As stated in previous blog posts, our firm tracks new court decisions regarding statements to law enforcement and Miranda warnings. Generally speaking, the only response to questioning by law enforcement officers during an interrogation should be “I want a lawyer”, which should bring all questioning to an immediate end. Experience shows, however, that many people think they can simply talk their way out of a difficult situation during an interview, regardless of the fact that they are confronted with officers who are trained to elicit damaging admissions from the person being questioned.
Andreas Erazo, who is currently serving a life sentence following a guilty plea to the rape and murder of a 13-year-old victim, moved in the trial court to suppress his two statements to law enforcement. These statements consisted of: (a) a non-custodial interview which lasted for about 90 minutes prior to which he did not receive Miranda warnings, followed by (b) a custodial interrogation that followed five hours later where he was Mirandized. The trial court admitted the statements but the Appellate Division reversed. The Supreme Court, in turn, reversed the Appellate Division, agreeing with the trial court that the statements were admissible since proper procedures had been followed.

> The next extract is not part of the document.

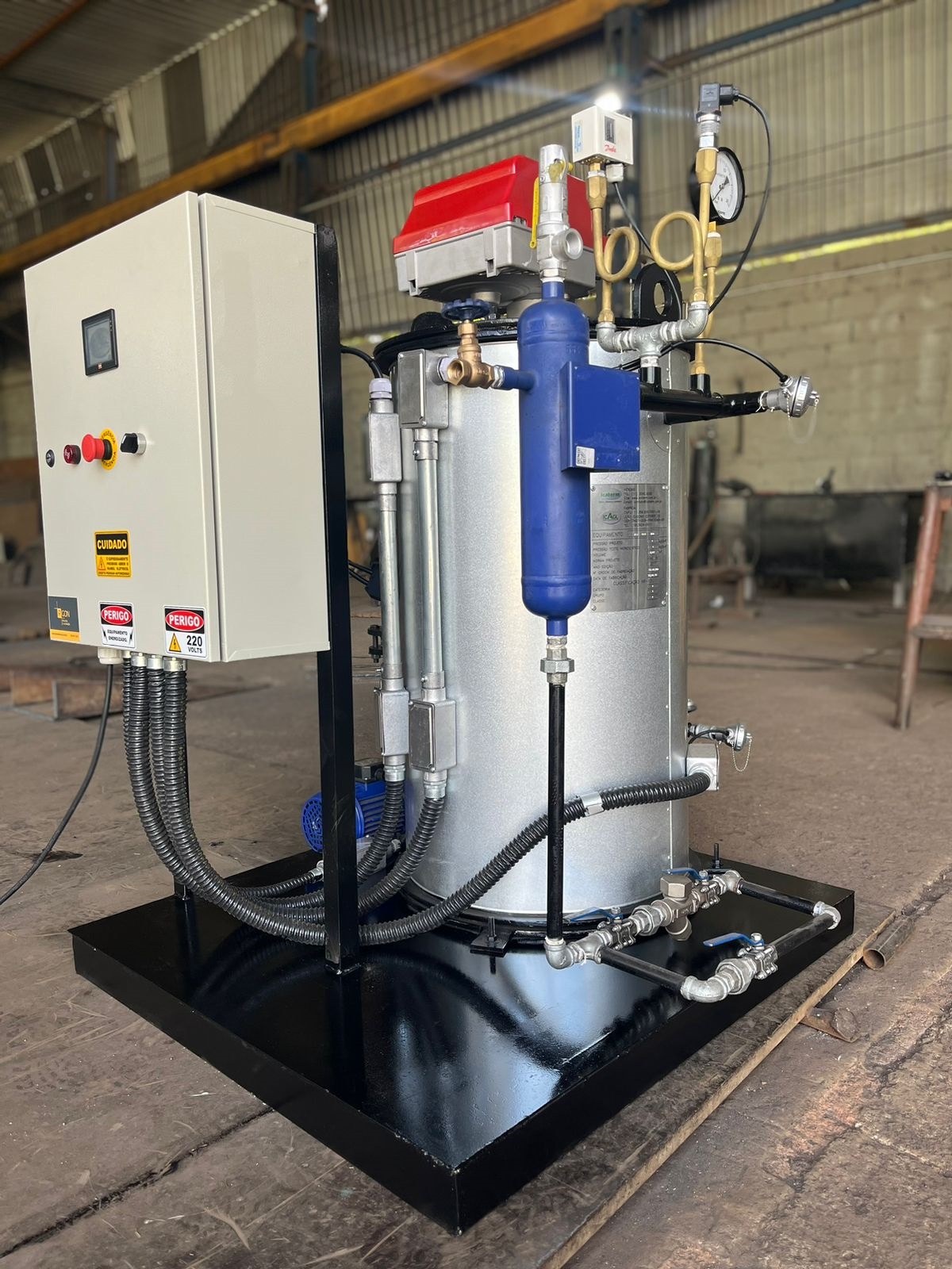 Todraw your attention to some additional relevant information, we highlight a few more points in comparing Icaterm’s ICA-GVI instant steam generators with traditional steam generators, more familiar.The design was developed to work with a monobloc burner, a device that is widely used in the market, simple to maintain and provides easy access to spare parts, resulting in lower maintenance costs. Steam generators available on the Brazilian market use homemade two-block burners, with poor combustion efficiency and maintenance usually performed by the companies themselves, often not up to standard which can lead to higher maintenance costs.

The victim disappeared one night in July, 2017, and was reported missing by her mother. The victim’s brother had previously seen her near Erazo’s apartment. Officers spoke with Erazo and looked around his apartment twice, but found nothing suspicious. The victim’s body was later found on the roof of a shed behind the building under a window of Erazo’s apartment. The police asked Erazo to come to the station to provide a statement. The statement was then set up in makeshift quarters because of Hurricane Sandy. Initially, Erazo sat unrestrained in the lobby, but was eventually escorted to an interview room that lacked recording equipment for his first interview. The officers did not Mirandize Erazo since they believed they were taking a witness statement. Over the next 90 minutes, Erazo told the officers when he had last seen the victim, and also described his activities during the course of the day. The officers offered him food, water and a bathroom break. He was also left unrestrained in the unlocked interview room. His only request was to smoke a cigarette. After leaving the interview room, the officers learned that a witness saw someone matching the victim’s description enter an apartment with someone matching Erazo’s description on the day the victim disappeared. Erazo was now viewed as a suspect, and the officers moved him to another interview room that had recording equipment for further questioning. He was given food, water and additional cigarette breaks, and the officers did not restrain or discuss the investigation with him.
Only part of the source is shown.